Cupcake Sparkles says...no thanks!









Love Snow White's expression 













































My daughter and Ithma 









Big Bang being a dork...again LOL He was not scratching, he was cocking his head sideways after I yelled <playfully> 'BIG BANG you knocked over my RAKE!" LOL 









Normally this is where he thinks he belongs...









Cupcake Sparkles and Lyrica


----------



## Maggie (Nov 5, 2010)

Gorgeous. I like the ones of Big Bag and Wisteria the best :greengrin: Sparkles is ridiculously huge!!


----------



## amylawrence (May 19, 2011)

as always, your photos are wonderful, Candice! Precious ones of your kids with their goats. Have you ever submitted to magazines?


----------



## HoosierShadow (Apr 20, 2010)

Thanks so much  They are so much fun, I love hanging out with them. 
Sparkles weighs 10lbs more than Lyrica! It's crazy, we weighed them 2 nights ago and she was 47lbs and she'll be 7 weeks old tomorrow.

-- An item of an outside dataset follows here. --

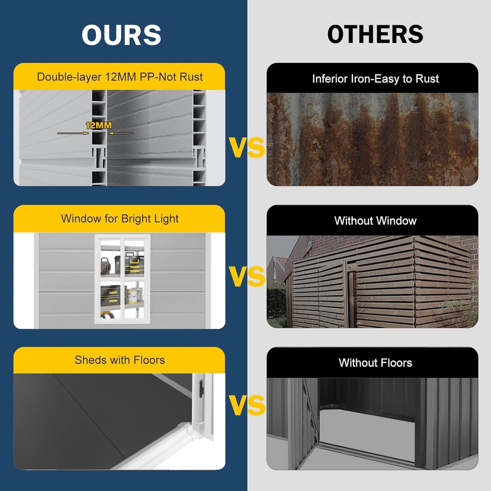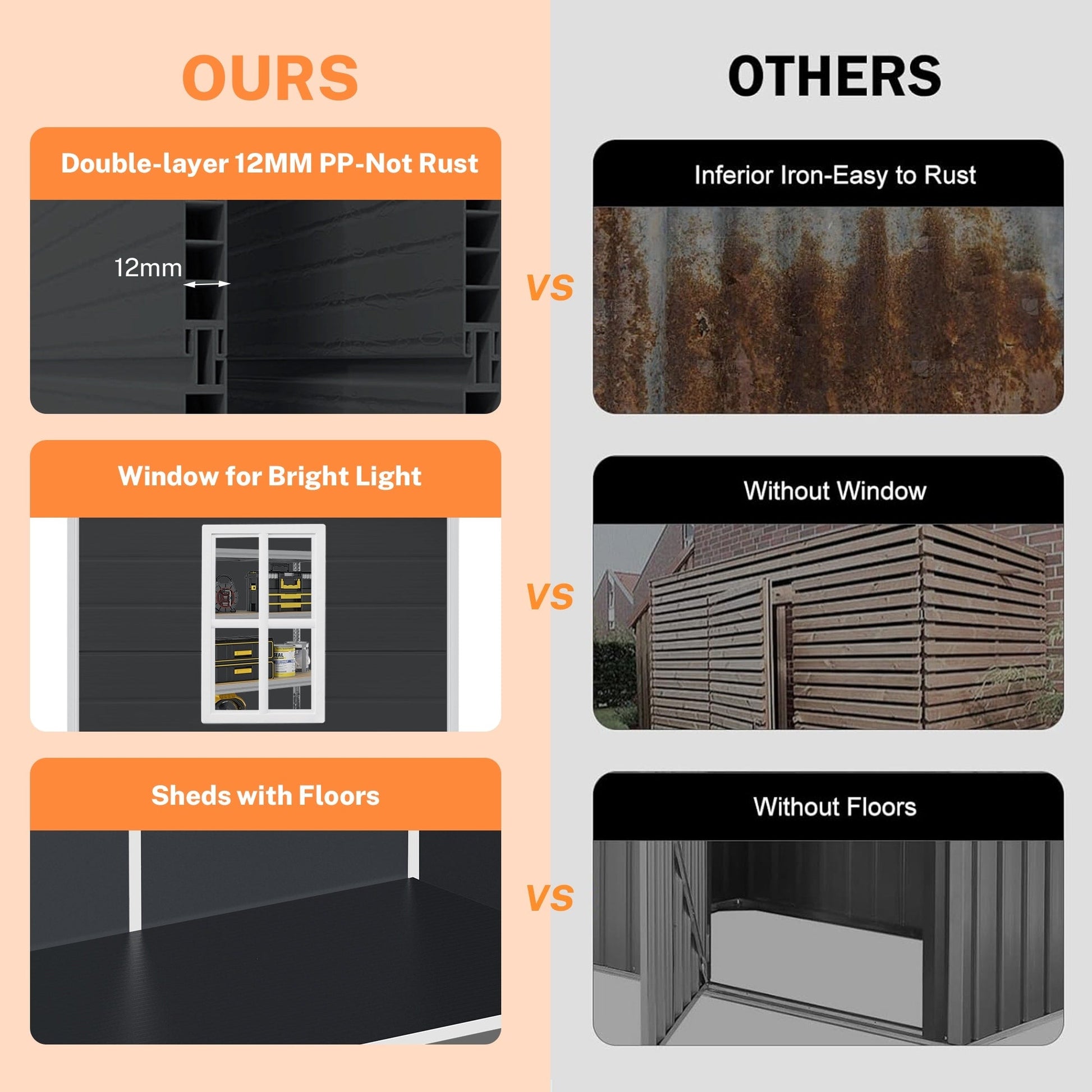 Abri de rangement extérieur en plastique et résine toutes saisons de 6 pi x 4 pi/6 pi x 8 pi/8 pi x 6 pi/8 pi x 10 pi avec plancher, abri à outils Spire

Amy - I haven't submitted anything, I've thought about it though


----------



## Burns Branch Boers (Apr 11, 2011)

I LOVE the pictures of Big Bang and the baby--he is such a sweet boy! You can tell that he loves that baby and he wants to play with her. :thumbup:


----------



## toth boer goats (Jul 20, 2008)

Very nice....


----------



## goatgirlzCA (Mar 9, 2011)

You take the most awesome pictures! I love the ones with them on the tree stumps!


----------



## RMADairyGoats (Jun 20, 2011)

WOnderful photos  Cupcake Sprinkles is HUGE! She's almost as big as mom!


----------



## Mandara Farm (Sep 12, 2010)

What wonderful, funny, sweet, gorgeous photos! In that first pic, I can almost hear the two goats saying, "How 'bout now, what about now, is she coming yet, what about now... (repeat until you actually DO come out to them :slapfloor: )


----------



## HoosierShadow (Apr 20, 2010)

Awww thanks  Big Bang is a trip OMG, you just never know what to expect from him! He's such a good boy, he tries hard not to let his horns get in the way, but you really have to watch them. 

I can't believe how big Sparkles has gotten. She's as big as our 3mo doelings, just not as wide yet. She has such a nice, wide chest! She has a split teat, which is a darn shame  Her mama has always had clean teated kids, our buck is 2x2, but I guess there is always that possability of it happening. She's turning into such a sweetie herself, not as shy as she used to be. If I don't pay attention to her or have my back to her she will grab my pant leg or shirt and pull/nudge to get my attention.

They are such a joy, I could say that over and over again! I love watching them, and I love that they are so friendly and seem so laid back. 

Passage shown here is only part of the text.